Ola, Ather… why everyone wants to ride an electric scooter in India

Ather Energy, which unveiled the country’s first electric smart scooter in 2018, has seen its revenues rise from Rs 11.7 crore in the 2019-20 financial year to Rs 48.8 crore in the 2020-21 fiscal.

Ola Electric
It is expected that the industry will see an average annual growth rate of 26 per cent in the next few years.

Everyone wants an electric scooter these days, thanks to surging petrol prices, increasing urbanisation and pollution.

The rocketing demand for the vehicles in India is clear from the sales reported last week by Ola Electric, and the changing fortunes of Ather Energy which unveiled the country’s first electric smart scooter in 2018, the Ather 450.

Ola Electric saw sales of Rs 1,100 crore in just two days for the Ola S1 and Ola S1 Pro scooters. It had opened bookings on July 19 and within a day, received 1 lakh reservations.

The elated CEO Bhavish Aggarwal had tweeted: “India is committing to EVs and rejecting petrol! We sold 4 scooters/sec at peak & sold scooters worth 600Cr+ in a day!” He said their day 1 sale of ₹600 crore was “one of the highest sales in a day (by value) for a single product in Indian e-commerce history”.

While Ola has just forayed into this segment, Bengaluru-based Ather had the first-mover advantage.

“In 2018 when we launched, there was a phenomenal response; people absolutely loved it,” Ather founder Tarun Mehta was quoted as saying in a report by The Print. “From two cities, we are now roughly present in about 14-15 cities and we are eyeing cities up to 1 every week so we will be present in about 50 cities by the end of this year.”

Ather Energy’s revenues rose from Rs 11.7 crore in the 2019-20 financial year to Rs 48.8 crore in 2020-21 fiscal. The company is now poised for hockey stick growth (sudden and rapid growth after a long period of linear growth), the report noted, highlighting the steady stream of customers at Ather Energy’s experience centre in Bengaluru’s Indiranagar on 15 July.

Ather Energy was launched by IIT-Madras graduates Mehta and Swapnil Jain in 2013, when customers were wary of electric vehicles and manufacturers faced a lack of investment.

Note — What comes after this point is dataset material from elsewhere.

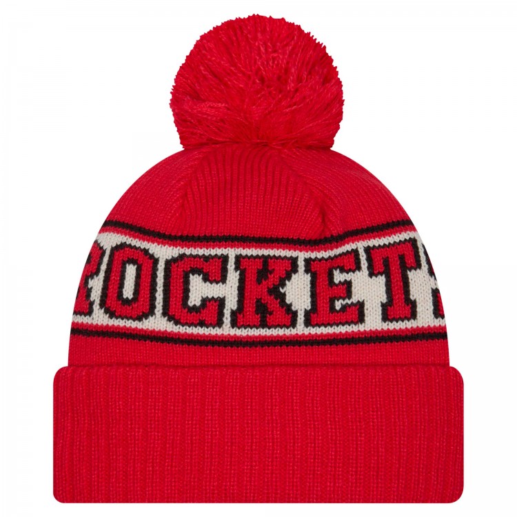 Шапка с помпоном Houston Rockets New Era Red Throwback Retro Cuffed Knit
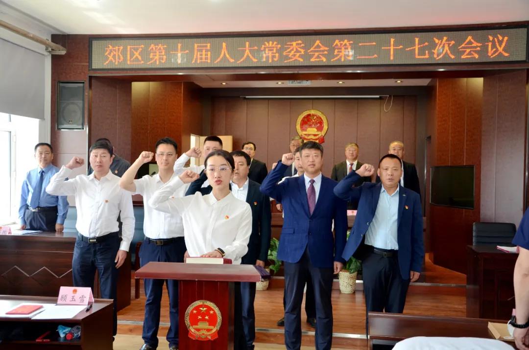在人事任免工作中,以无记名投票表决的方式,任命顾玉雪同志为郊区人民政府副区长。任命李大伟同志为佳木斯市郊区人民政府办公室主任;赫明震同志为佳木斯市郊区交通运输局局长;程宇涛同志为佳木斯市郊区水务局局长;潘俊国同志为佳木斯市郊区住房和城乡建设局局长;丁国华同志为佳木斯市郊区市场监督管理局局长;刘晓辉同志为佳木斯市郊区退役军人事务局局长。任命宋克男同志为区监察委员会副主任;孙振国同志为区监察委员会委员。郑昌辉向顾玉雪等新任职人员颁发了任命证书,新任职同志向宪法进行了庄严的宣誓。

“The Indian (scooter) market back then in 2014 was basically Honda Activa. They were 70-80 km/hr and electrics could only go up to 25 km/hr,” Mehta said. “So we decided to start with batteries for all the coming array of electric vehicles.”

The batteries led to full-fledged manufacturing of the electric scooter, with the founders getting financial backing from Flipkart co-founder Sachin Bansal, and two years later, Hero MotoCorp.

Ather had started off with $65,000 received from the Technology Development Board under the Department of Science & Technology, IIT Madras, and Srini V Srinivasan, founder of Aerospike.

“We knew that we couldn’t just put components together; this is the model followed by the manual, automotive industry… So the next four years, from 2014 to 2018, were spent in architecting and stabilising the product,” Mehta was quoted as saying by The Print.

After the Ather 450, the company unveiled the improved 450X. In the meantime, it grew beyond Bengaluru and Chennai to about 14 cities.

“Our sales in Bangalore have more than tripled since we launched 450X; Chennai has also tripled,” Mehta revealed. “Overall, we are selling about 10 times more than what we were selling last year.”

According to him, the toughest part was the shift to positive unit economics, that is the point at which each scooter itself was no longer costing the firm money. “The hardest part after 2018-2019 was to get the general economics in the right place and it was hard because it required a lot of conviction when you do not have any proof for it since nobody else has achieved something like this and survived to tell the tale. So changing the unit economics, while improving the quality and performance of the vehicle was just spectacularly hard,” he said.

Society of Manufacturers of Electric Vehicles (SMEV), an association comprising EV companies and manufacturers of electric vehicle components, noted a 612 per cent jump in sales of electric two-wheelers and four-wheelers, from 22,000 units in FY 2015-16 to 1,56,588 units in FY 2020-2021. It is further expected that the industry will see an average annual growth rate of 26 per cent in the next few years.

While the makers have the challenge of keeping up with demand and hiring experienced talent, as of now the electric scooters are racing ahead.